See `docs/content/blog/FAQ_MANUAL_REVIEW_SEO_CHECKLIST.md` for complete checklist.

**Must Have:**

- **Topic relevance:** All FAQs relevant to post (relevance ≥ 0.3)
- **No pattern violations:** No nonsensical patterns (cost/duration with abstract concepts)
- **No brand questions:** No Ordio questions on non-brand posts
- **No duplicate questions:** Semantic similarity < 0.7
- **No repetitive answers:** Content similarity < 0.6
- **Logical ordering:** Definitions before how-to, high-volume queries first
- **Top 10 GSC queries addressed**
- **Primary keyword in 3-5 FAQs**
- **Answers 40-80 words**
- **Du tone consistent**
- **No malformed questions:** Complete, grammatically correct

### Tools Reference

**Comprehensive Analysis Tools:**

- `comprehensive-faq-analysis.php` - Complete quality analysis (topic relevance, patterns, duplicates, ordering)
- `validate-faq-topic-relevance.php` - Topic relevance validation
- `detect-faq-patterns.php` - Pattern violation detection
- `analyze-faq-ordering.php` - Ordering analysis and suggestions
- `analyze-faqs-seo.php` - SEO analysis (GSC queries, keywords, duplicates)
- `check-faq-uniqueness.php` - Uniqueness check (questions and answers)
- `suggest-faq-improvements.php` - Improvement suggestions (new FAQs, keywords)

**Fix Tools:**

- `fix-faq-quality-issues.php` - Automated fixes for common issues (with manual review)

**Review Tools:**

- `review-faq-quality-post-by-post.php` - Interactive quality review workflow
- `manual-review-faqs-post-by-post.php` - Manual review interface

**Validation Tools:**

- `validate-faq-schema.php` - Schema validation
- `validate-faq-quality.php` - Quality validation

## Quality Checklist

### Content Quality

- [ ] 10-15 FAQs per post (optimal count)
- [ ] Answers are 40-80 words each
- [ ] Primary keyword appears naturally in each answer
- [ ] Natural keyword integration (no stuffing)
- [ ] Du tone consistency (informal German)
- [ ] Natural Ordio mentions (not forced)
- [ ] Contextual internal links when FAQs mention lexikon/tool/product terms (1:1 mandatory)
- [ ] No template language
- [ ] No malformed questions
- [ ] **All FAQs relevant to post topic** (topic relevance ≥ 0.3)
- [ ] **No pattern violations** (nonsensical cost/duration patterns)
- [ ] **No brand questions on non-brand posts**
- [ ] **Logical ordering** (definitions before how-to, high-volume first)

### SEO Quality

- [ ] Primary keyword is correct (not a fragment)
- [ ] FAQ ordering follows logical flow (definitions → how-to → details → edge cases)
- [ ] FAQ ordering follows priority strategy (high-volume queries first)
- [ ] Questions match People Also Ask queries
- [ ] Keywords integrated naturally
- [ ] Schema markup complete and valid
- [ ] No duplicate questions (similarity < 0.7)
- [ ] Questions validated (no fragments, grammatically correct)
- [ ] **No off-topic FAQs** (all FAQs relate to post topic)
- [ ] **No repetitive nonsensical patterns**

### Technical Quality

- [ ] FAQs stored in `faqs` array (not in HTML content)
- [ ] Each FAQ has `question` and `answer` properties
- [ ] Schema answers match HTML answers exactly (word-for-word)
- [ ] No HTML links in schema answers (plain text only)
- [ ] Valid JSON syntax
- [ ] Schema validates with Google Rich Results Test
- [ ] All FAQs manually reviewed and approved

## Workflow

### Gap Remediation (Posts with 0 or &lt;10 FAQs)

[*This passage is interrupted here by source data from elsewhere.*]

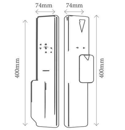 Kích thước thân khóa trong: 74 x 400 x 73.5 mm
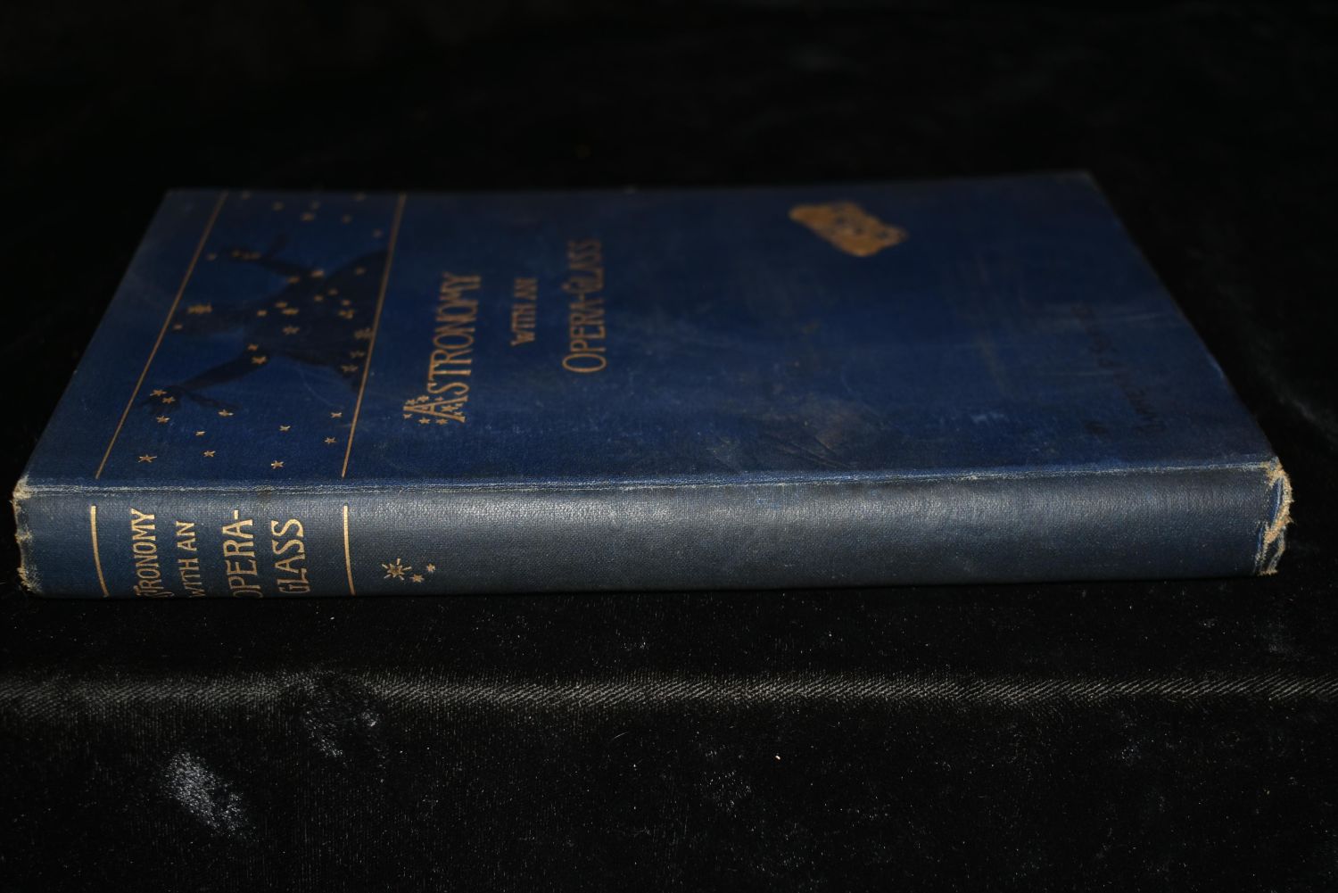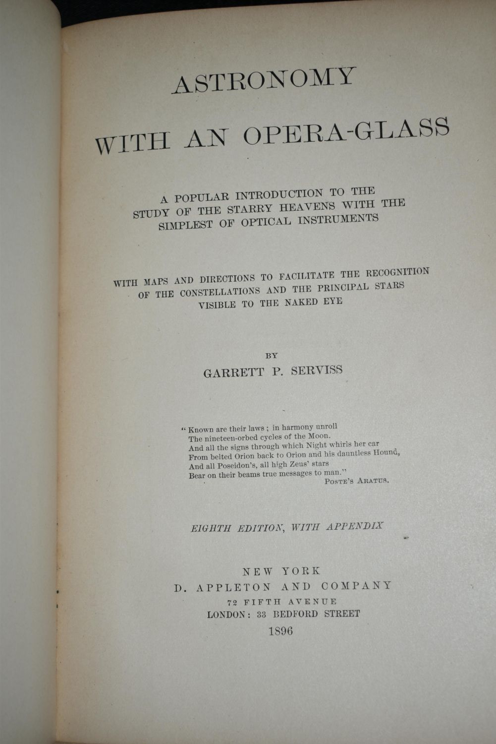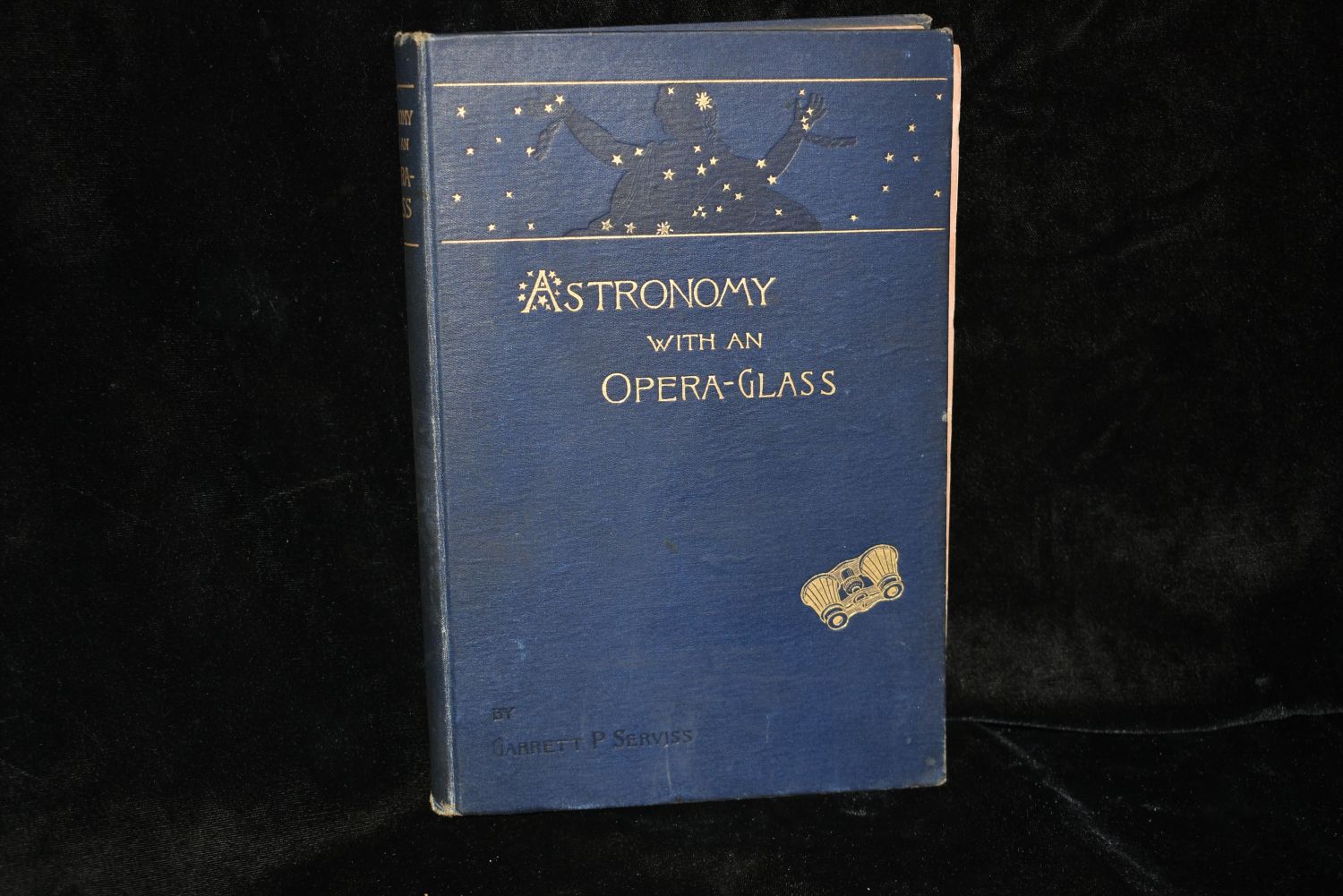 Astronomy with an Opera-Glass by Garrett Serviss, Garrett. Published by Appleton, New York (1896). Good condition for its age. Some shelf wear and age darkening to pages. Publishers original blue cloth hardback with gold gilt to cover and spine. 158 pgs plus ads 9" by 6 1/8"
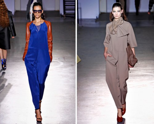Designer Phillip Lim showed these two jumpsuits with his Fall/Winter 2011 Ready-to-Wear collection last Wednesday at New York Fashion Week. His colour palette consisted of bright blues, lime greens and subdued neutrals, with some touches of burnt red. He drew his inspiration from the concept of fashion on two wheels. “It’s about these chic women who ride bikes to work, to brunch, to a cocktail party,” said Lim.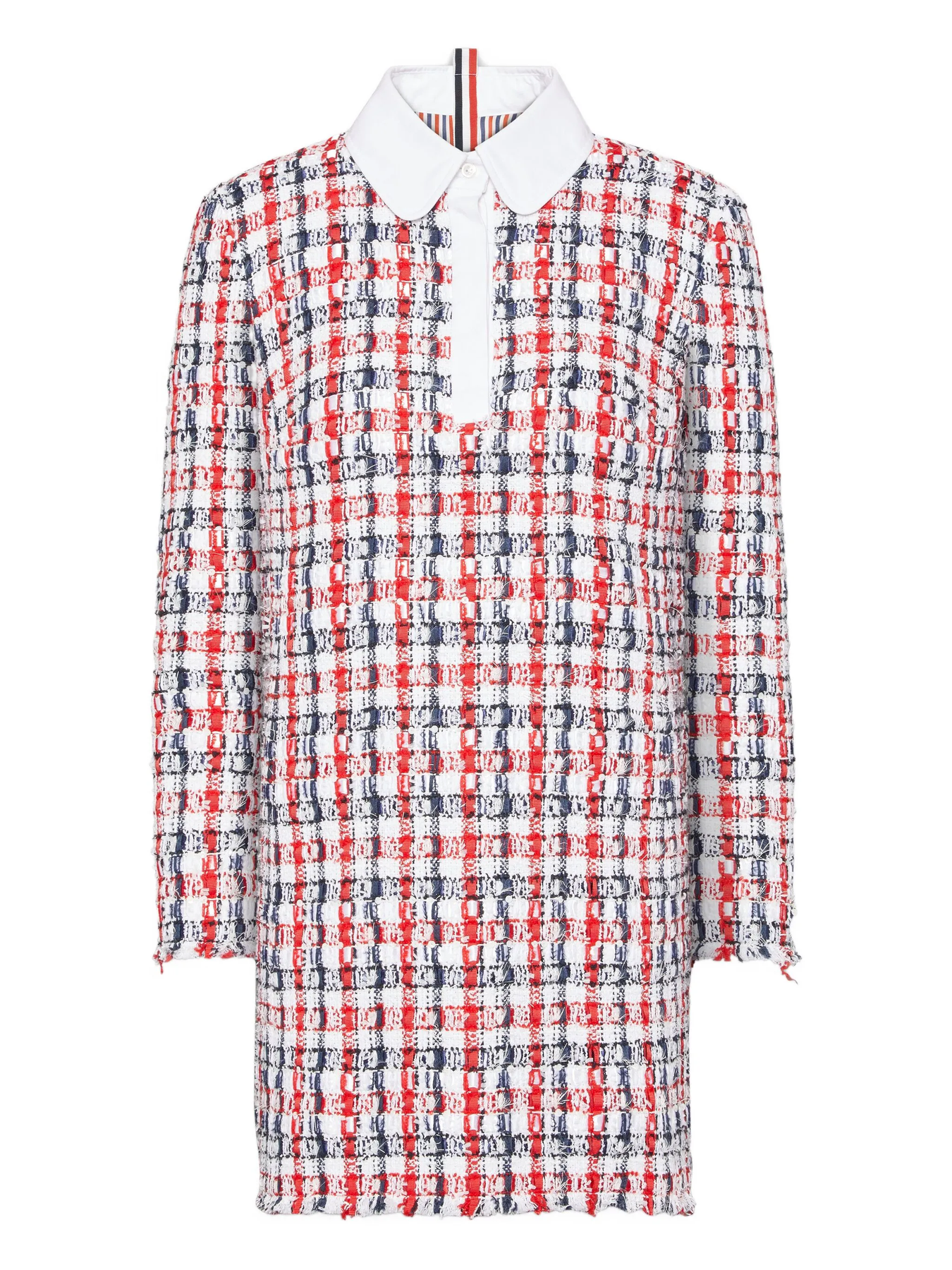 Thom Browne Gingham Satin Ribbon Tweed Shift Dress delivers sophisticated preppy elegance with signature collegiate details. Crafted from premium tweed in red, white, and navy gingham pattern with contrasting white collar and refined tailoring throughout. The classic shift silhouette and iconic Thom Browne aesthetic create a timeless piece for refined wardrobes.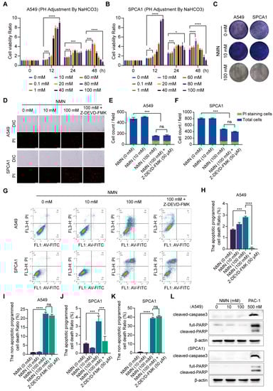 To identify the role of NMN in lung cancer cell growth under different dosing schemes, we conducted cell proliferation and inhibition experiments using various concentrations of NMN in A549 and SPCA1 cells, determined using a CCK8 assay. At low doses (10 and 20 mM) and prolonged exposure (48 h), NMN increased cell proliferation, but it induced the suppression of cell proliferation at the high dose (100 mM), as shown in Figure 1A,B. The finding was subsequently confirmed by the results of the tumor cell colony formation assay (Figure 1C). Moreover, high-dosage NMN enhanced cytotoxicity to lung adenocarcinoma cells compared with normal cells (Supplementary Figure S1). Next, we performed PI stain assay in A549 and SPCA1 cells after NMN treatment and found that high-dose NMN could promote cell death. Moreover, high-dose NMN could further promote cell death after the inhibition of the apoptotic program via the apoptosis inhibitor Z-DEVD-FMK (Figure 1D–F). The findings suggest that high-dose NMN inhibits lung cancer cell growth through a non-apoptotic form of regulated cell death. To further test the hypothesis, we performed flow cytometry analysis and found that the apoptotic- or non-apoptotic-regulated death in cells after high-dose NMN treatment was higher than that in cells after solvent treatment; the number of non-apoptotic regulated death cells was much higher than the number of apoptotic cells after high-dose NMN treatment (Figure 1G–K). We also confirmed that NMN could promote cell death after inhibiting the apoptotic program only at the high dose (Figure 1G–K). The results of Western blot analysis showed that high-dose NMN had no notable drug-induced effects on apoptosis program molecules caspase3 and PARP (Figure 1L). In addition, PARPs are not exclusively involved in apoptosis induction but also in autophagic cell death and necrosis. These results also suggest that high-dose NMN has no noticeable effects on autophagic cell death and necrosis (Figure 1L).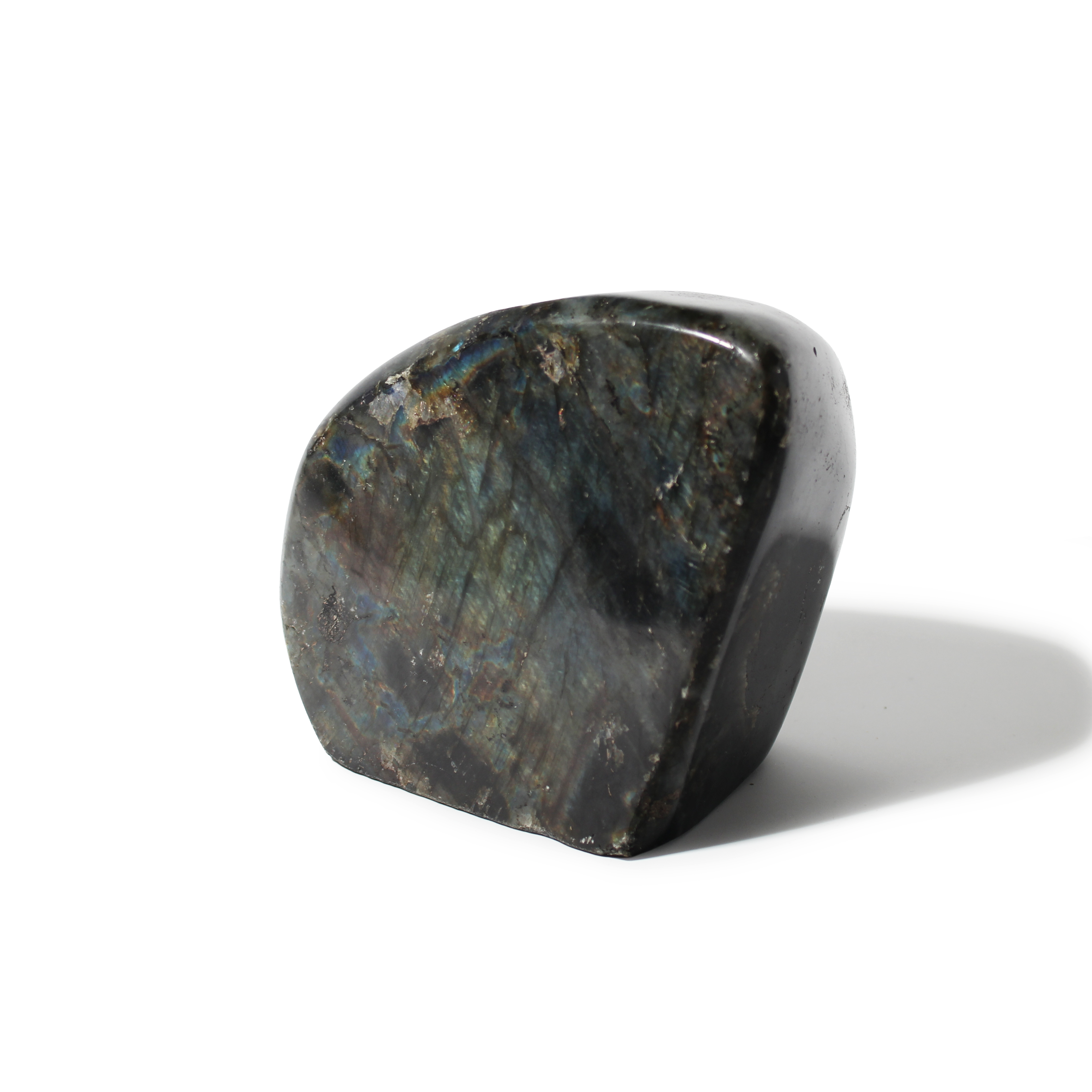 This Labradorite Freeform features smoky grey tones with flashes of blue and green, polished to a smooth surface that highlights its natural labradorescence and organic shape.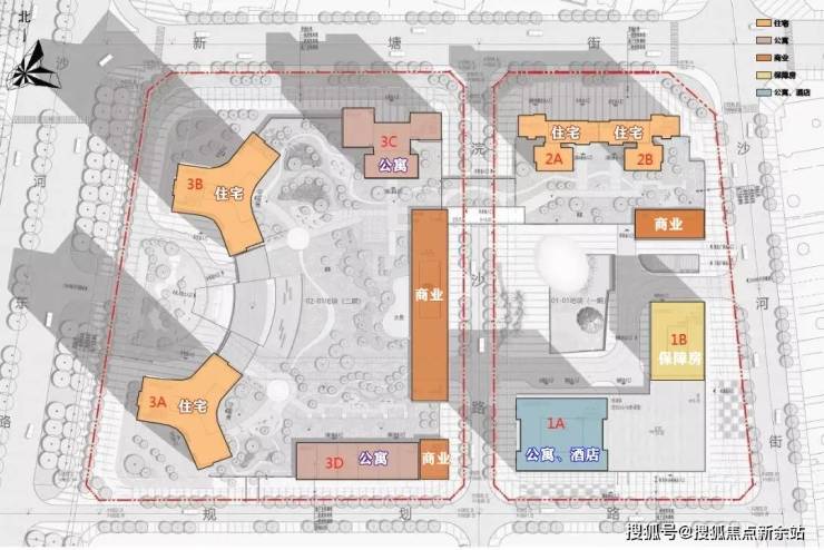 总栋数:8栋(1A栋42层酒店+公寓、1B栋28层保障房,2栋1/2单元41层住宅,3A/3B栋69层住宅;3C栋50层公寓、3D栋4层公寓)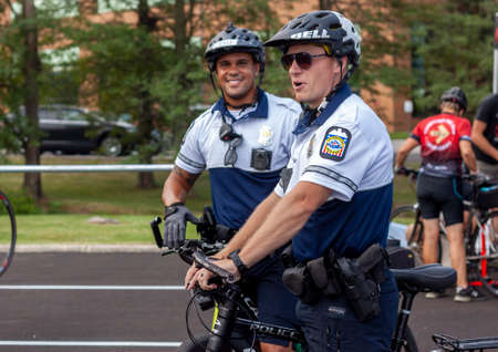 Columbus, OH USA 08-07-2021: Annual Pelatonia fundraiser for the Ohio State University cancer center. Columbus Police Officers also participate the fundraiser with their bikes and tshirts
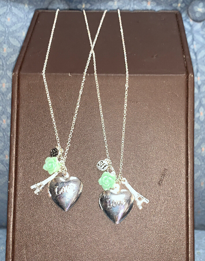BFFS LOVE LOCKETS PARIS SET NECKLACES 2 EIFFEL TOWER CHARMS SUPER CUTE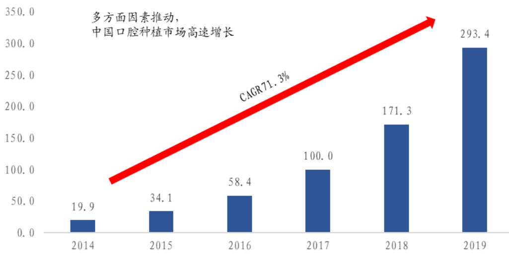 不過,近年來在人口老齡化、消費(fèi)升級(jí)等邏輯驅(qū)動(dòng)下,國(guó)內(nèi)口腔種植市場(chǎng)呈高速增長(zhǎng)態(tài)勢(shì),根據(jù)Straumann的年報(bào)數(shù)據(jù)估計(jì),2019年相關(guān)市場(chǎng)規(guī)模接近300億元,按照與發(fā)達(dá)對(duì)比,未來總體規(guī)??蛇_(dá)2000億元。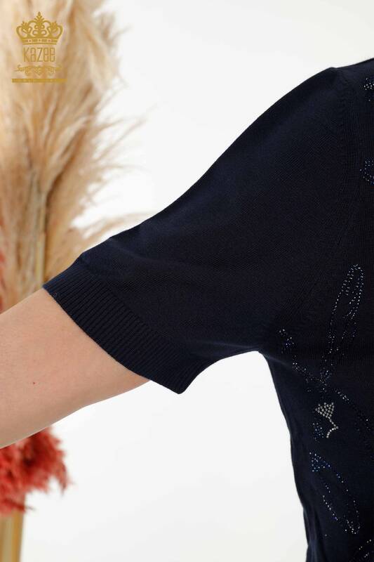 Vente en gros Pull Femme Tricot Feuille Motif Cristal Pierre Brodé Bleu Marine - 30240 | KAZEE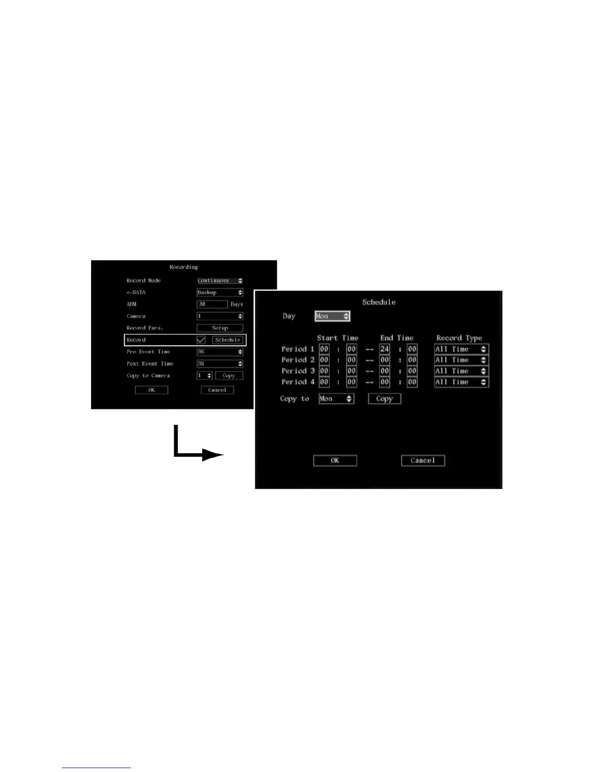 Setting up a camera’s recording schedule

**See:** `docs/content/blog/FAQ_GAP_REMEDIATION_RUNBOOK.md` for step-by-step gap remediation workflow.

- Run `python3 v2/scripts/blog/audit-faq-gap-analysis.py` to identify posts needing work
- Follow runbook: data collection → keyword derivation → question generation → answer generation → add → validate
- Manual review required per post; no automated content creation

### For New Posts Without FAQs (Fresh Start Approach)

**See:** `docs/content/blog/FAQ_CREATION_WORKFLOW_2026.md` for complete workflow guide.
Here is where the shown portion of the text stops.